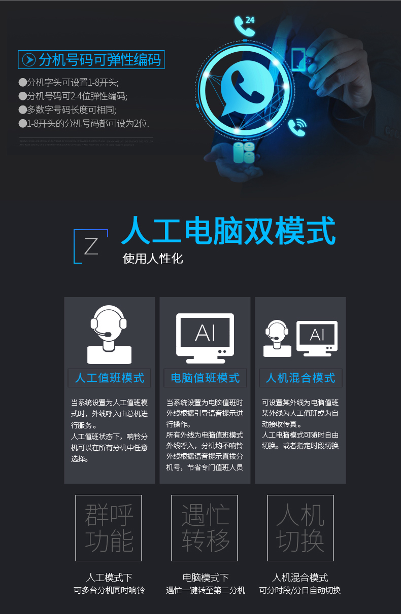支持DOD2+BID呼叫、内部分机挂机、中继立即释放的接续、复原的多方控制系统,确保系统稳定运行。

------------------------------------------------

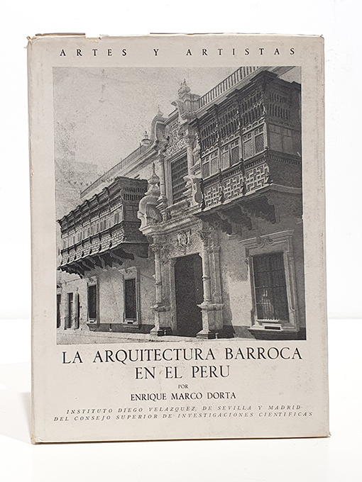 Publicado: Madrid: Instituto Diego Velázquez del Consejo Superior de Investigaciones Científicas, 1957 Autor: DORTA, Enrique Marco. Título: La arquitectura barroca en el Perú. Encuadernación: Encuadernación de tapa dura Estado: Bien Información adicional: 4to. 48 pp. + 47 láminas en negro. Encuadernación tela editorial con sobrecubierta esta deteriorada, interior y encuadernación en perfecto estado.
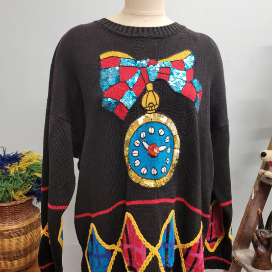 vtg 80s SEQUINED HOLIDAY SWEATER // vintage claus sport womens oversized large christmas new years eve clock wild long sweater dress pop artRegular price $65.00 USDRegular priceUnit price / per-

------------------------------------------------

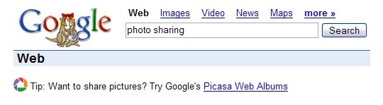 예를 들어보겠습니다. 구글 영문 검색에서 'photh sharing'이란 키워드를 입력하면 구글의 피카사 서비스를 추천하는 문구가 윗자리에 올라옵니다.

------------------------------------------------

# BRIEF
Reproduce the data above exactly, but only the lines from the one showing "Publicado: Madrid: Instituto" through the one showing "vtg 80s SEQUINED", with both ends kept and the pictures left out.

# ANSWER SECTION
 Publicado: Madrid: Instituto Diego Velázquez del Consejo Superior de Investigaciones Científicas, 1957 Autor: DORTA, Enrique Marco. Título: La arquitectura barroca en el Perú. Encuadernación: Encuadernación de tapa dura Estado: Bien Información adicional: 4to. 48 pp. + 47 láminas en negro. Encuadernación tela editorial con sobrecubierta esta deteriorada, interior y encuadernación en perfecto estado.
 vtg 80s SEQUINED HOLIDAY SWEATER // vintage claus sport womens oversized large christmas new years eve clock wild long sweater dress pop artRegular price $65.00 USDRegular priceUnit price / per-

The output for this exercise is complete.